Here, There & Everywhere $

Last night our city withstood a terrible windstorm. Some homes fared better than others; ours are intact although a fence came down. No big deal, right? Wrong!

I live in a city. I don’t have access to post diggers, circular saws, or any other fence repairing/replacement tools. I also have no skills in that area. There was a time when I could count on the men in my family to instinctively know what needed to be done in any outdoor situation, but that’s no longer the case. These days I hire out. Hiring someone is not itself a panacea; you have to hire the RIGHT person with skills and integrity. Not an easy find. My go-to resource is usually Homestars.ca. There you can find all manner of trades and read their reviews too. And then yesterday my confidence in this site was compromised! It turns out that lots of people who post glowing reviews are not real customers. And the negative reviews are often not even posted. So there is another level of scrutiny I have to go through: now I have to pay attention to how many reviews a certain company has, to make sure they are real reviews. After all, who could falsify over 100 reviews? Don’t answer that rhetorical question.

Luckily we know a ‘fence guy’ who has done great work for us in the past. I texted him (all hail the mighty text!) and he called back quickly with an estimate and ability to send someone over today. But the price tag was too high for us, so Husband and I needed to find a different solution. It isn’t a matter of calling a neighbour to help us out; no one else around us knows what they’re doing either! The solution we came up with was to pay the fence guy to install a temporary fence for the winter.

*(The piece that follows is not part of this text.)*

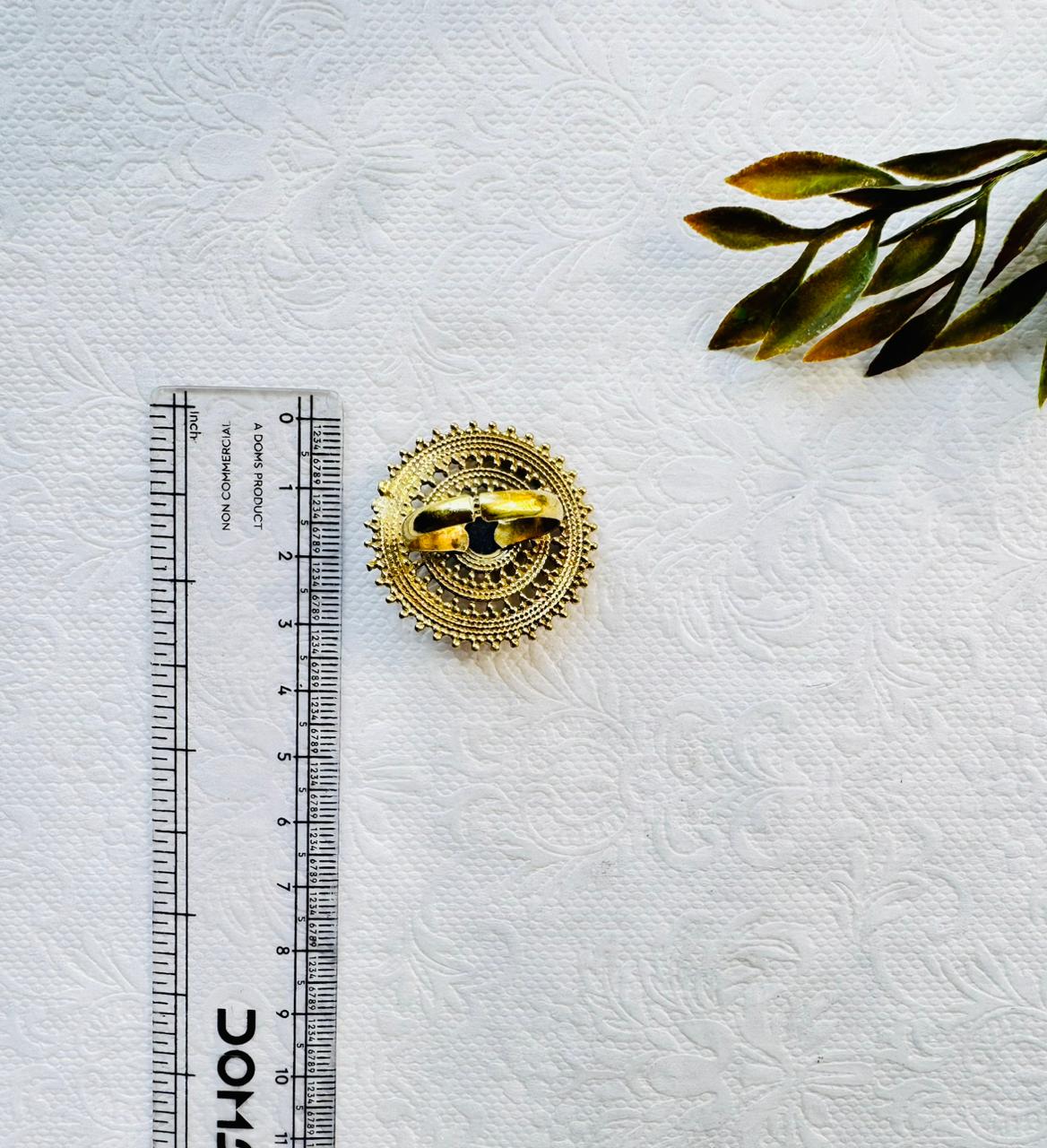 This statement ring features a wide, circular face designed in an ornate mandala or sunburst pattern. The metalwork consists of several concentric layers of textured gold-tone beads and delicate openwork filigree. The outermost edge is finished with a series of small, protruding metallic points that create a scalloped, sun-like effect.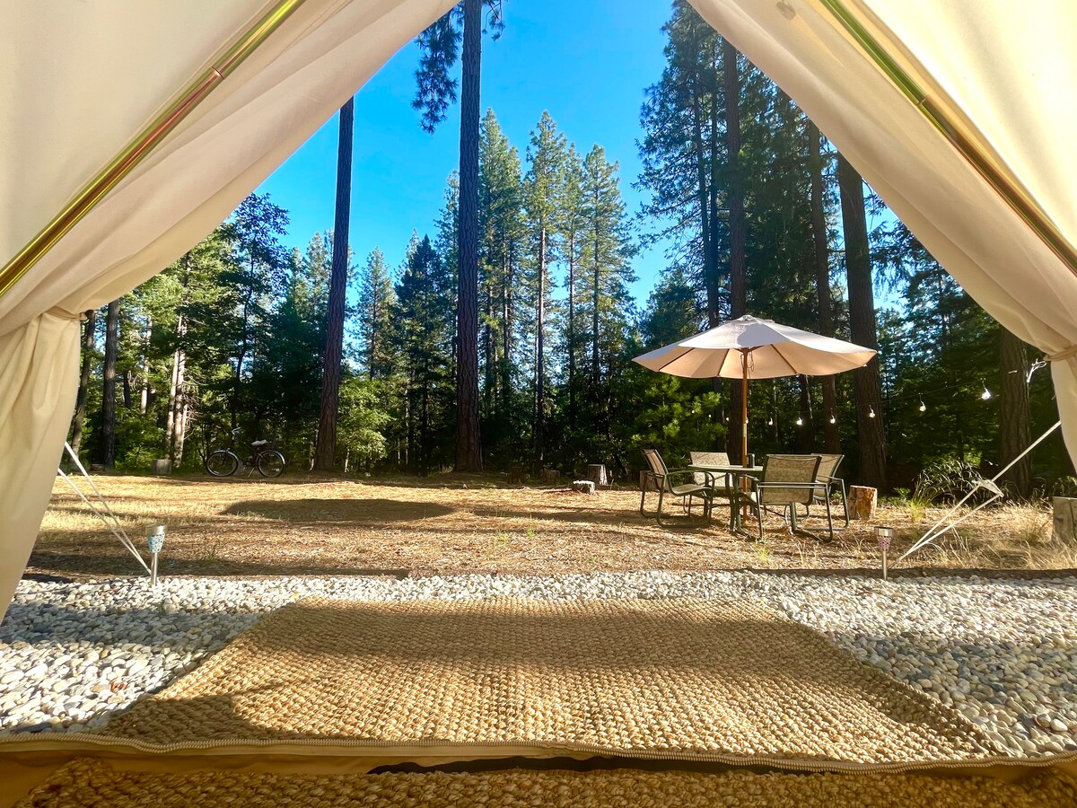 Escapa del ajetreo y relájate en tu propio santuario privado en una tienda de campaña en Sol Spirit Retreats, enclavada en el corazón del Triángulo Esmeralda de California. Nuestras lujosas tiendas de lona ofrecen la combinación perfecta de confort y naturaleza. Desconecta y relájate, contempla la vía láctea y escucha el murmullo del río. Recorre nuestros jardines regenerativos y disfruta de los frutos de nuestro trabajo. Camina hasta nuestro pozo de agua local o haz una excursión de rafting de un día completo para refrescarte en un caluroso día de verano.

This will be done today, considerably cheaper than the option of completely replacing that side of the fence. And the debris will be cleared too. Used to be we had to get to know our neighbours and make friends in the community so we could pool our collective knowledge and help each other. Now we have to develop a roster of trustworthy tradespeople while surrounded by less skilled, less honest ones.

This past weekend I went to Alberta to attend my little bro’s wedding. He’s a plumber/steamfitter in a small town, so his life is very different from mine. I’ve always prided myself on my physical strength and ability to figure out how to ‘make do’. What a shock when I realized this weekend that I don’t remember how to do anything outside the usual house cleaning and very minor repair. Used to be I’d have confident support of men and women in my network around me, to help figure out a solution for whatever outdoor problem had arisen, but no one else around me now has that skill set either. Weird.

This weekend I remembered a lot of sights and smells of my childhood, which was incredibly comforting. I hadn’t realized how removed I am now from my roots. I work in an office, I have lily-white hands, I studied English Literature, I manipulate words. I occasionally pay others to do manual labour at my house. We had a new door installed a couple of weeks ago, by a handyman we know. Despite all of this evidence, I still believed I was a down-to-earth, can-do-it person. I mean, I can write the absolute shit out of a technical document or anything else sent my way. But that’s all so…intangible a skill set. My abilities seem so imaginary; made up, even. I know that’s not true, but compared to the skill of putting up a fence, I doubt I would survive very well in a post-apocalyptic world unless someone needs a written manifesto.